One item important to note here is that it is the local newspaper which originally exposed this attempt to the general public. With many newspapers now struggling, we need to be aware of the necessity of maintaining an informed populace. It may be the internet that gets the information in the newspapers to a larger audience, but what if there are no local newspapers to start this chain of reporting?

Stanton, if the guy is a dyed in the wool creationist, and naturally considers himself smarter than evolutionists, and wants students to think like him, then he wants the next generation to be SMARTER than the previous one. His being wrong is irrelevant! Kapish?

I was listing to an old ApostAZ podcast this afternoon as they were having a discussion with their theist friends about religion. The hosts stated a belief that better education would be the answer, to which the theist replied that better education would make things worse, because education and technology brought us the ‘bomb’.… Yes, and it brought the cell phone, the satellites, your favorite beer, better health care, advances in television, advances in transportation, and on and on and on.….

Yes. I wrote a letter to the local paper supporting evolution (after two or three creationists got space) and in response got menaced over the phone by a hard-breathing moron who informed me that science was responsible for the Holocaust and the bomb and all other ills of the modern age, and I’d better turn to God quick smart.

Pointing out facts to rolling-eyed crazies is never any use. Facts are external; their reality is entirely within themselves. (If I were not in awe of Chip, I’d put that thought on the po-mo thread.)

hector said:

Stanton, if the guy is a dyed in the wool creationist, and naturally considers himself smarter than evolutionists,

No. He knows he is not smarter than the scientists. He belongs to the class of creationists like Dembski and Wells who prey on the credulous creationist base. So he does want the next generation to be dumber so that they could not see through the creationist lies.

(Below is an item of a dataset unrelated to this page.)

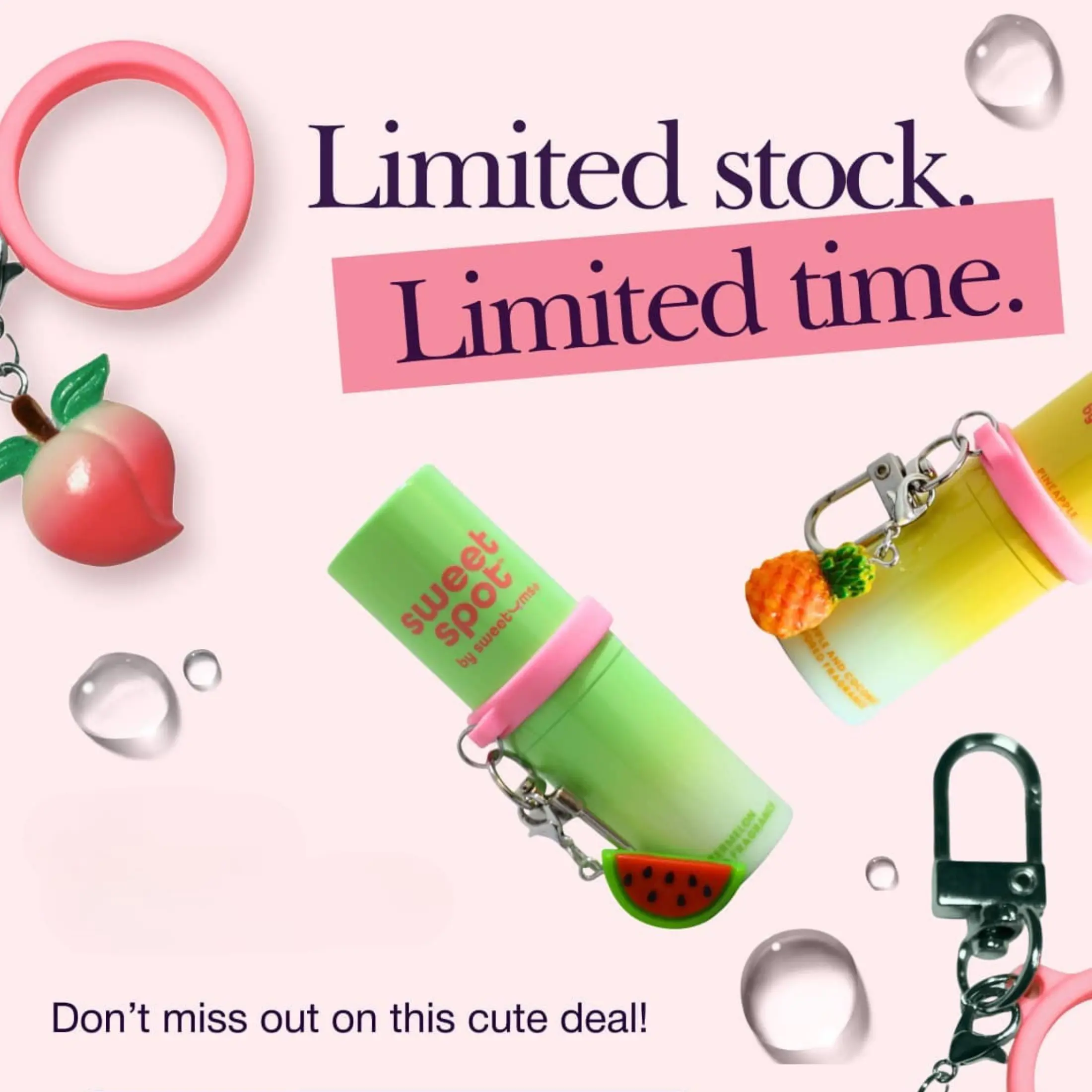 Β·Easy, Fun and Convenient Application- Your Sweet Spot fragrance can now go everywhere you go. Simply attach it to the key chain with the rubber band and then clip it to your purse and off you go. You can now apply your fragrance anytime, anywhere, for a little playful, flirty moment.

Stanton, the man believes he is more CORRECT than the scientists, and thus, in a sense, smarter. According to your logic, there is no such thing as a creationist leader who really believes that creationism (or i.d.) is true; they all know that its lies. C’mon. This accusation of yours and phantomreader’s about this misguided man’s desires is ridiculous and has no place.

hector Wrote:

According to your logic, there is no such thing as a creationist leader who really believes that creationism (or i.d.) is true; they all know that its lies.

One can never rule out that they take YEC or OEC “on faith in spite of evidence,” or are afflicted with Morton’s Demon. But I suspect (though can’t prove) that Ronald Bailey hit the nail on the head for most of the leaders, especially of the ID variety. IOW they are not telling lies, but “useful fairy tales.” In the case of ID it’s “let the audience infer it’s own fairy tale.”

Anyway, all this speculation can be avoided if we say that they promote X instead of believe X.

hector said:

Stanton, the man believes he is more CORRECT than the scientists, and thus, in a sense, smarter. According to your logic, there is no such thing as a creationist leader who really believes that creationism (or i.d.) is true; they all know that its lies. C’mon. This accusation of yours and phantomreader’s about this misguided man’s desires is ridiculous and has no place.

You’re conflating phantomreader’s Ravilyn’s logic with mine: all I’ve ever said about FL is that a) he vacillates between being a wannabe preacher who thinks that evolution is an evil rival religion, and being a mindless cheerleader who parrots his anti-science cohorts, and b) he thinks he pleases Jesus Christ by spreading lies presented as catty innuendo

eric said:

Robert Byers said: its the law being used to censor creationism and not whether its science or not. Thats a diffeent point.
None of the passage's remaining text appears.